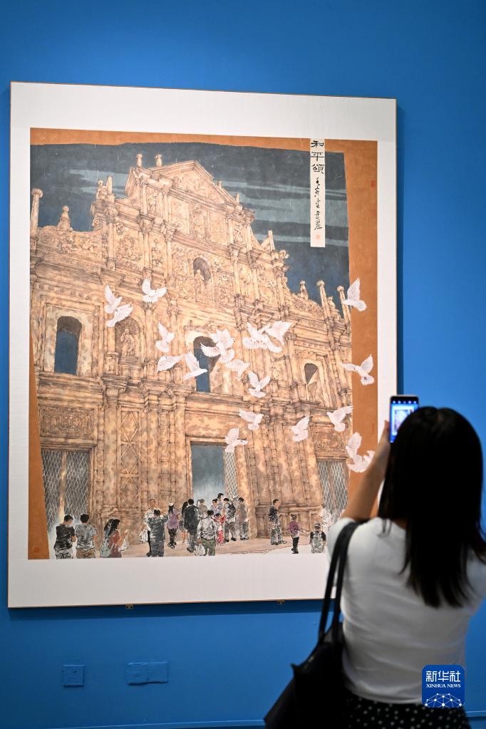 6月24日,參觀者在展覽上拍攝參展作品《和平頌》。 新華社記者 李鑫 攝
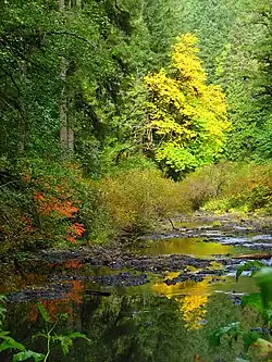 Until the mid-19th century, the Silverton area was a broad, open grassland with small stands of Oregon white oak, ponderosa pine and Douglas fir. Stands of Oregon white oak, red alder, big leaf maple, and black cottonwood lined streams and river banks. While these tree species are extant today, widespread farming in the Willamette Valley between 1850 and 1870 altered the land through the discontinuation of widespread seasonal burning in the valley plains previously employed by the Kalapuya people. Large stands of Douglas fir and western red cedar, mixed with Oregon white oak, remain in the Silverton area, especially on eastern ridge tops and on the slopes of the Waldo Hills to the south. Due to decades of intensive timber extraction, mature second- and third-growth trees comprise existing evergreen stands.[10][11]
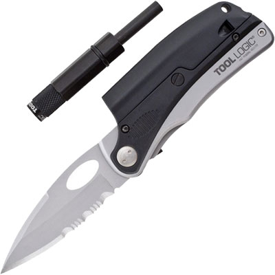 SLPro Silver - Fire. The SL Pro 2 (silver) knife offers a razor sharp partially serrated 3" blade, emergency whistle and LED flashlight with a magnesium alloy fire rod. By Tool Logic - SOG.
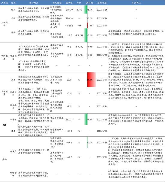 表7:本周(6.20-6.24)中观行业核心观点和重要信息一览
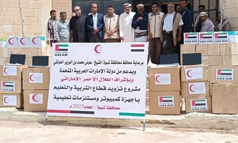 برعاية محافظ شبوة عوض بن الوزير، دُشن صباح الاثنين مشروع تزويد مدارس المحافظة بأجهزة كمبيوتر ومستلزمات تعليمية، بدعم من دولة الإمارات العربية المتحدة وتحت إشراف الهلال الأحمر الإماراتي.
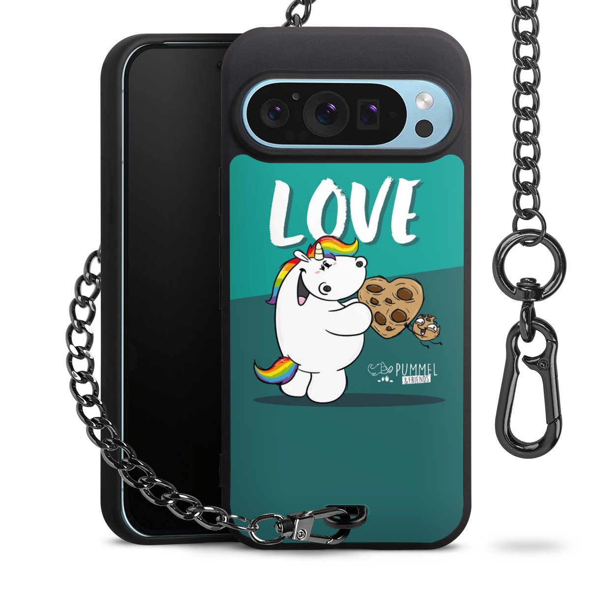 Die mattschwarze Silikon-Handyhülle besteht aus robustem TPU (thermoplastisches Polyurethan). Sie ist flexibel und schützt Dein Smartphone vor Stößen und Kratzern. Die Kette sowie der Karabinerhaken sind aus Metall in Gunmetal-Optik gefertigt. Für dieses Produkt kommen ausschließlich TÜV-geprüfte Materialien zum Einsatz.

Problem description: All that is required is the lines from the line containing "SLPro Silver - Fire." through the end of the records above, copied exactly, and none of the pictures.

Response box:
 SLPro Silver - Fire. The SL Pro 2 (silver) knife offers a razor sharp partially serrated 3" blade, emergency whistle and LED flashlight with a magnesium alloy fire rod. By Tool Logic - SOG.
 表7:本周(6.20-6.24)中观行业核心观点和重要信息一览
 برعاية محافظ شبوة عوض بن الوزير، دُشن صباح الاثنين مشروع تزويد مدارس المحافظة بأجهزة كمبيوتر ومستلزمات تعليمية، بدعم من دولة الإمارات العربية المتحدة وتحت إشراف الهلال الأحمر الإماراتي.
 Die mattschwarze Silikon-Handyhülle besteht aus robustem TPU (thermoplastisches Polyurethan). Sie ist flexibel und schützt Dein Smartphone vor Stößen und Kratzern. Die Kette sowie der Karabinerhaken sind aus Metall in Gunmetal-Optik gefertigt. Für dieses Produkt kommen ausschließlich TÜV-geprüfte Materialien zum Einsatz.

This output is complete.